--- MATERIALS PROVIDED Enclosed Below ---

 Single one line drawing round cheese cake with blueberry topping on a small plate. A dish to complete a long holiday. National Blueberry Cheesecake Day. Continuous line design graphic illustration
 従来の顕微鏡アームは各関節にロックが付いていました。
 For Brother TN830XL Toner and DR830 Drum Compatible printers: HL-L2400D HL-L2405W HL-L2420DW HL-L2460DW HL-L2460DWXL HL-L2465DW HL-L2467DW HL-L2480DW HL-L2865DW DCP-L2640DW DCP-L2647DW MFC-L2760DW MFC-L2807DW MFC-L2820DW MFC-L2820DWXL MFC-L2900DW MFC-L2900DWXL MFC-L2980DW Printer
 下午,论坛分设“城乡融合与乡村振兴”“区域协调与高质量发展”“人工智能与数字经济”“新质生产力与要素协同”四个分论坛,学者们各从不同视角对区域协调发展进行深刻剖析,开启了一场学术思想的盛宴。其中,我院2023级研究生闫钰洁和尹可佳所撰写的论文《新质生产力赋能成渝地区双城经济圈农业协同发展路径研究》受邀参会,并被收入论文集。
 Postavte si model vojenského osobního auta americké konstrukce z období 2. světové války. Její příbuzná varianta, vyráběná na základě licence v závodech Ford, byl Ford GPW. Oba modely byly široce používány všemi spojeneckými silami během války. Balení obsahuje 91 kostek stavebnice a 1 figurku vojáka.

--- End of Enclosed MATERIALS PROVIDED ---
--- MATERIALS PROVIDED Enclosed Below ---

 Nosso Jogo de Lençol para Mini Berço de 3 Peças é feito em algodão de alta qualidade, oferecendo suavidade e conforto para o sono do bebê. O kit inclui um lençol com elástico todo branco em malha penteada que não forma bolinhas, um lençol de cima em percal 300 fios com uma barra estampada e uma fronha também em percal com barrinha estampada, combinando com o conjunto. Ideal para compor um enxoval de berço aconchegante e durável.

--- End of Enclosed MATERIALS PROVIDED ---

§ **EXERCISE REQUIREMENTS**: Reproduce verbatim only the segment of the listing bounded by the line containing "Single one line" and the line containing "従来の顕微鏡アームは各関節にロックが付いていました。", with both boundary lines included.

§ **RESULT OF THIS TASK**:
 Single one line drawing round cheese cake with blueberry topping on a small plate. A dish to complete a long holiday. National Blueberry Cheesecake Day. Continuous line design graphic illustration
 従来の顕微鏡アームは各関節にロックが付いていました。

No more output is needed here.